Osmanlı'da ilk Meşrûtiyetin doğuşu

Sosyal ve siyasî sahada tatbik edilebilen bir meşrutiyet, yani şartlara ve kanunlara dayalı bir demokrasi, aslında büyük bir nimettir.

Demokrasinin erdemine varan topluluklar, bu sistemden vazgeçmeyi akıllarından bile geçirmezler. Bildiğimiz kadarıyla hiçbir topluluk, tadına vardığı bir demokrasiden şimdiye kadar vazgeçmiş değil. Tarihte bu manada bir örmek bilmiyoruz.

Devletler, milletler şimdiye kadar uygulaya geldikleri hemen her sistemden vazgeçtikleri halde, demokrasi tarihinde bu türden bir örneğe rastlanılmış değil.

Hani aksama olmuştur. Askıya alınmaya rastlanılmıştır. Ama, demokrasiyi tatbik sahasına koyduktan sonra, başka bir sistemin ona tercih edildiğini yakın tarih göstermiyor.

Gelelim, bizdeki duruma. Yani, meşrutiyetin ilk geliş safhasına...

Bugün adına Demokrasi denilen Meşrûtiyet sistemine fiilî ve tatbikî sûrette adım attığımız (19 Mart 1877) tarihinin üzerinden yüz elli seneden fazla bir zaman geçti.

Her ne kadar otuz yıllık bir kesinti (askıya alınma) hali yaşandı ise de, millet olarak bunun tadını almıştık bir kere; ondan vazgeçmek söz konusu olamazdı. Nitekim, 1908'de yeniden işlerlik kazandırılan Meşrûtiyet sistemi, darbeler ve diktatörlükler sebebiyle ağır-aksak, yahut kör-topal şekilde de olsa, nihayet günümüze kadar hayatiyetini sürdürebildi. Buna da şükretmek lâzım. Zira, diğer İslâm ülkelerinin büyük çoğunluğu bu içtimaî nimetten bile el'an mahrum durumdalar.

Sultan Abdülhamid tarafından Meşrûtiyetin 23 Aralık 1876'da ilân edilmesinden sonra teşkil edilen ilk Osmanlı Meclis-i Mebûsânı (Millet Meclisi), 19 Mart 1977'de açıldı ve normal çalışmalarına başladı. Meclis'in açılışı vesilesiyle geniş iştirakli bir merasim yapıldı.

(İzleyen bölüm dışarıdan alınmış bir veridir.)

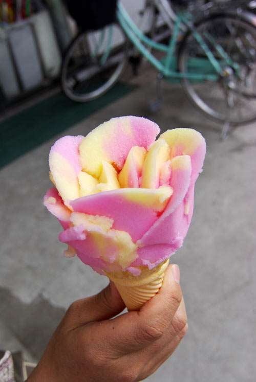 注文すると、上の写真のようにアイスを盛ってくれますが、写真のようなスタイル。 上記の参考ページで技により、多少形が違うそうですが・・・まあ、味は変わりません(笑)
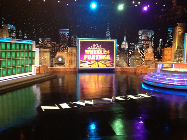And it requires 14 giant trucks to move it. There are 12 high definition cameras, 140 color monitors, and more than 30 miles of cables. "We try as best we can make the viewer feel like we are plunked down in the middle of wherever it is we're going," says Harry Friedman, the show's executive producer. The wheel and puzzleboard are one of a kind, so they are dismantled and reassembled whenever the show travels. Here's the New York City set:
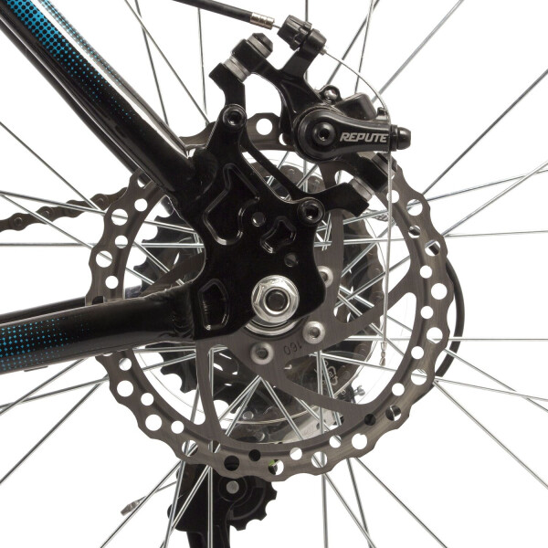 Горный хардтейл на базе надежной алюминиевой рамы с амортизационной вилкой с ходом 50мм. Модель оборудована дисковыми механическими тормозами и трансмиссией на 18 скоростей, которая позволит с легкостью преодолевать все подъемы и спуски.
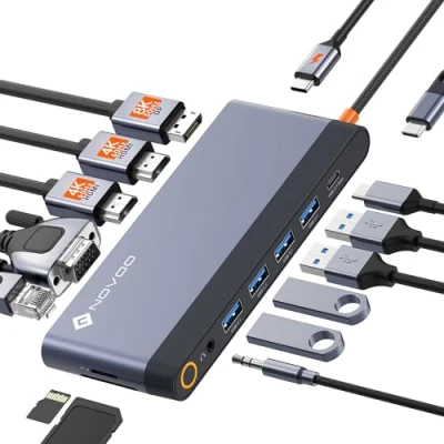 【Full Connectivity - NOVOO 14-IN-1】Unleash the full potential of your workspace with this 14-in-1 USB C docking station. Designed for the ultimate user experience, it combines high-speed data transfer, multi-monitor support, fast charging, and seamless audio connectivity into a sleek and powerful laptop dock. Turn your single IT port into a versatile gateway to efficiency and entertainment. 【8K Ultra High Definition Visual】USB C laptop docking station enhances your viewing experience with 1 DisplayPort 8K@30Hz and 2 HDMI ports 4K@60Hz. Designers, gamers and movie buffs will appreciate the stunning clarity and impeccable detail. It's not just a display; it's a window into a world of ultra-high-definition content. Plus, with VGA support, you can connect to a wider range of displays, ensuring nothing is forgotten. 【Multi Display - 4 Screen Display】Master your multitasking with STD support. Imagine effortlessly managing complex projects with spreadsheets, documents, and presentations spread across multiple displays, eliminating the need to press the Alt key on a single cluttered display. See an immersive gaming or cinematic experience with expanded views that immerse you in the action. MST isn't just about adding screens; it's about improving your efficiency, creativity and enjoyment in an unlimited way. 【Fast Data Transfer】Get ultra-fast sync with 4 x USB-A and 1 x USB-C with this docking station, each with a transfer rate of 5Gbps. Built-in SD/TF card readers, transferring photos, videos and data has never been easier. Perfect for busy professionals and tech enthusiasts, these USB C dock ports let you spend less time waiting and more time doing. 【PD 100W USB C Fast Charging】Keep your devices powered and ready with a robust 100W USB-C PD port. Quickly charge laptops, tablets and phones. 【Transparent Audio & Internet Connectivity】 The capabilities of our dual monitor docking station are complemented by its stable and high speed 1000Mbps Ethernet connection, and enjoy crystal clear sound thanks to the built-in 3.5mm audio and microphone jack. Whether you're streaming, downloading or participating in a conference call, your experience will be seamless and professional.
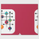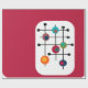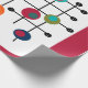 This wrapping paper has a mid-century modern design of a magenta rectangle with a white rectangle at the bottom with a black grid with retro circles on it.
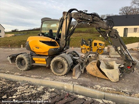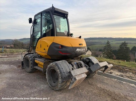 Pelle sur pneus MECALAC type 9MWR Année : 2020 Heures : 5200 Poids : 9 t Longueur transport : 4.42 m - Largeur transport : 2.31 m - Hauteur transport : 2.83 m Vitesse de déplacement : 20 km/h Moteur Deutz TCD2.9 L4 (55.4 kW) Lame – Stabilisateurs – Déport – Volée variable – Lignes hydrauliques Coupleur hydraulique + 2 godets (terrassement et curage inclinable)
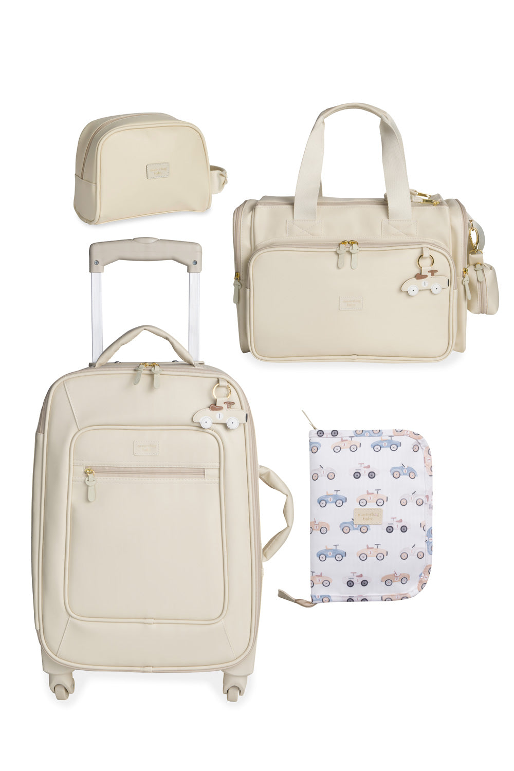 O Kit de Maternidade é a solução ideal para organizar a chegada do bebê com charme e praticidade, incluindo uma mala de rodinhas para levar os conjuntos de roupinhas, uma bolsa Anne para guardar itens essenciais, um porta-carteira de vacinação para organizar os documentos do bebê e uma nécessaire Baby para itens de higiene, com design delicado e funcional, garantindo que você tenha tudo o que precisa com estilo e organização.
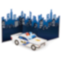 Häftig bordsdekoration föreställande en stad och en polisbil. En kul grej att dekorera kalasbordet med. Dekorationen är ca 69 x 30 cm stor.
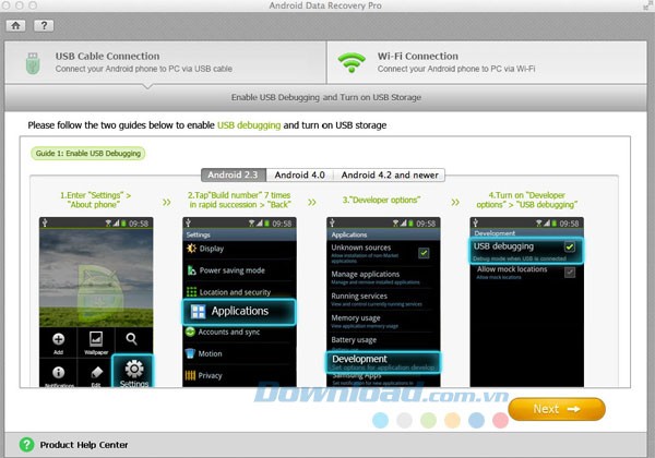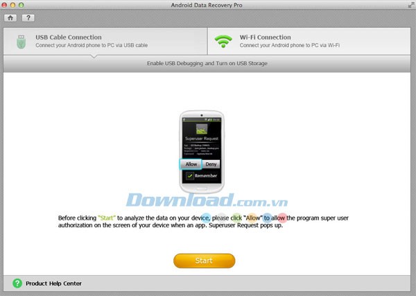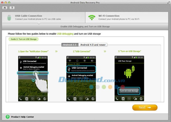 Để kết nối thiết bị Android với máy tính, bạn có thể sử dụng cáp USB. Hãy thực hiện theo các bước sau. Lưu ý, không được ngắt kết nối thiết bị trong suốt quá trình quét, nếu không quá trình quét sẽ không thành công.
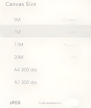1、选择任意分辨率画布大小,最高分辨率取决于您的设备功能
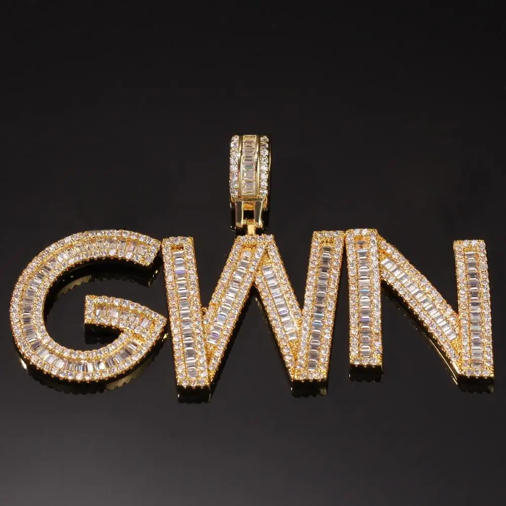 .Gallery for Custom Name Cubic Zircon Baguette Letters Hip Hop Pendant Chain Gold Silver Men's Jewelry with Tennis Chain for Gift
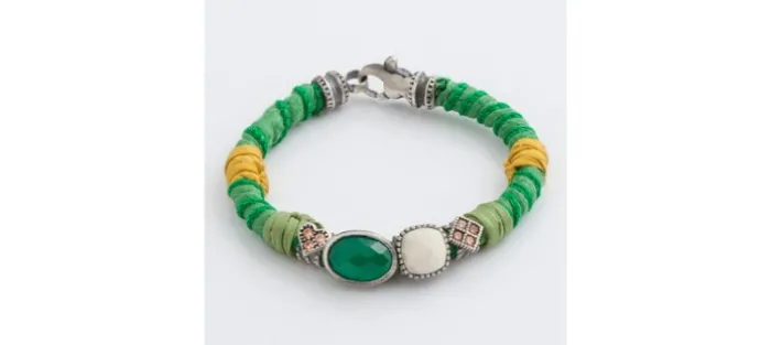 Pulsera plata envejecida de primera ley (925) y seda con piedras naturales.
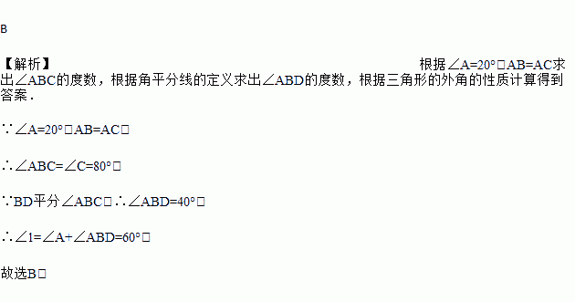 如图,等腰三角形ABC中,AB=AC,BD平分∠ABC,若∠A=20°,则∠1的度数为( )
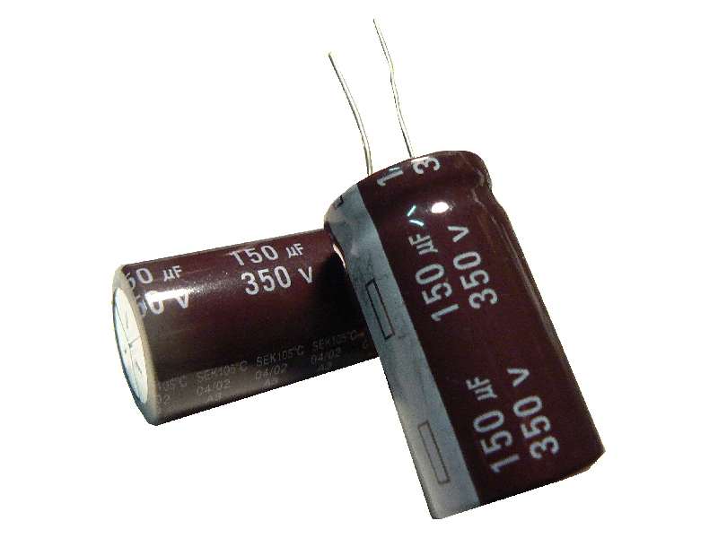◆ Elektrolytický kondenzátor 150uF/350V 105°C, rozměry: 20x40mm.
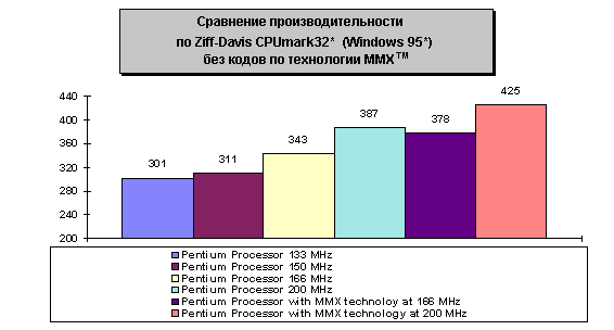 Производительность процессора Pentium при выполнении действий с целыми 32-разрядными числами в среде Windows иллюстрируется с помощью обычно используемых эталонных тестов Windows. Эти эталонные тесты демонстрируют высокие потенциальные возможности процессора Pentium корпорации Intel, когда на нем выполняются 32-разрядные приложения.
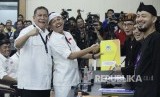 Pasangan Calon Gubernur dan Wakil Gubernur Jawa Barat Deddy Mizwar dan Dedi Mulyadi saat menyerahkan berkas pencalonan dalam Pendaftaran Pasangan Calon Gubernur dan Wakil Gubernur Jawa Barat Tahun 2018, di Kantor KPU Jawa Barat, Kota Bandung, Selasa (9/1). (FOTO : Republika/Edi Yusuf)
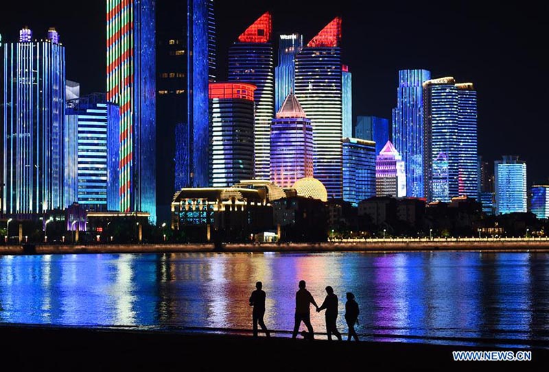 Foto tomada el 3 de mayo de 2018 muestra la vista nocturna de la bahía de Fushan en Qingdao, provincia de Shandong, este de China. La XVIII Cumbre de la Organización de Cooperación de Shanghai se celebrará el 9 y 10 de junio en Qingdao. (Xinhua / Li Ziheng)
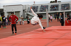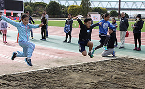 走り幅跳びではリオ五輪で日本選手団の旗手を務めた陸上十種競技の右代啓祐さんの指導で、つま先を上げ、かかとだけで歩くところからスタート。最後に砂場で幅跳びをする際は、応援の声と歓声が飛び交った。義足体験のエリアはリオパラリンピック400mリレー銅メダリストの佐藤圭太さんが傍につき、大人も子どもも義足をつけて歩いたり走ったり。体験した男の子は「重くて歩きにくい。走るのは大変だった」と実感を語ってくれた。
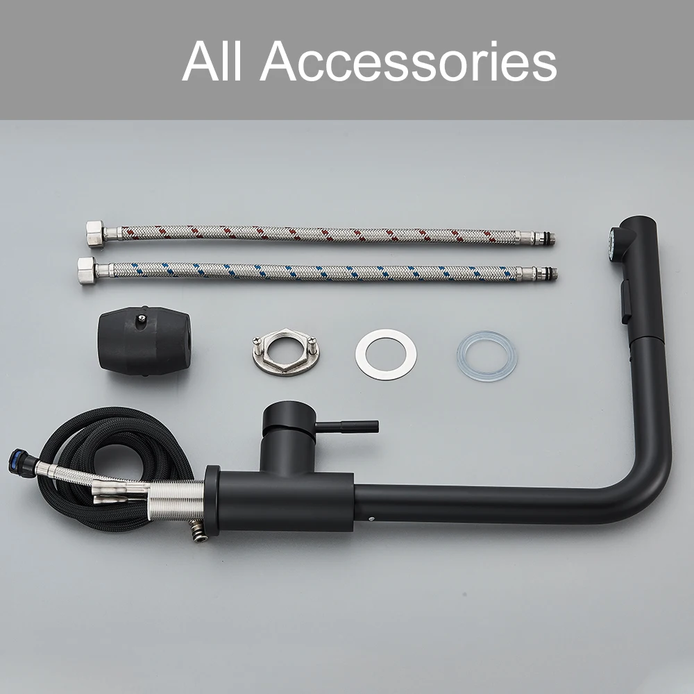 Black Pull Out Kitchen Sink Faucet Deck Mounted Stream Sprayer Kitchen Mixer Tap Single Handle Bathroom Kitchen Hot Cold Tap

Dolmabahçe sarayında düzenlenen merasimde, yabancı temsilciler de hazır bulundu. Yeni teşkil edilen bu Meclis'in ilk başkanlığını Ahmed Vefik Paşa yaptı.

Anayasanın (Kanun-i Esasî) kabulü ve Meşrûtiyetin ilânı bu tarihten yaklaşık üç ay kadar evvel gerçekleştirilmişti. Bu süre zarfında parlamentonun teşkili için gerekli hazırlıklar yapıldı.

Yeni rejimin adı "meşrûtî monarşi" idi. Dolayısıyla, yapılacak olan düzenlemeler de buna göre dizayn edilecekti. Ön hazırlık olarak, iki ayrı Meclis binası ihdas edildi. Çünkü, yeni sistem iki meclis tarzında işleyecekti: Biri Meclis-i Mebûsân, diğeri ise Senato manasında Meclis-i Âyân. Bu ikisine birden Meclis-i Umumî denildi. Nihayet, iş, seçimlerin fiilî şekilde yapılması aşamasına geldi.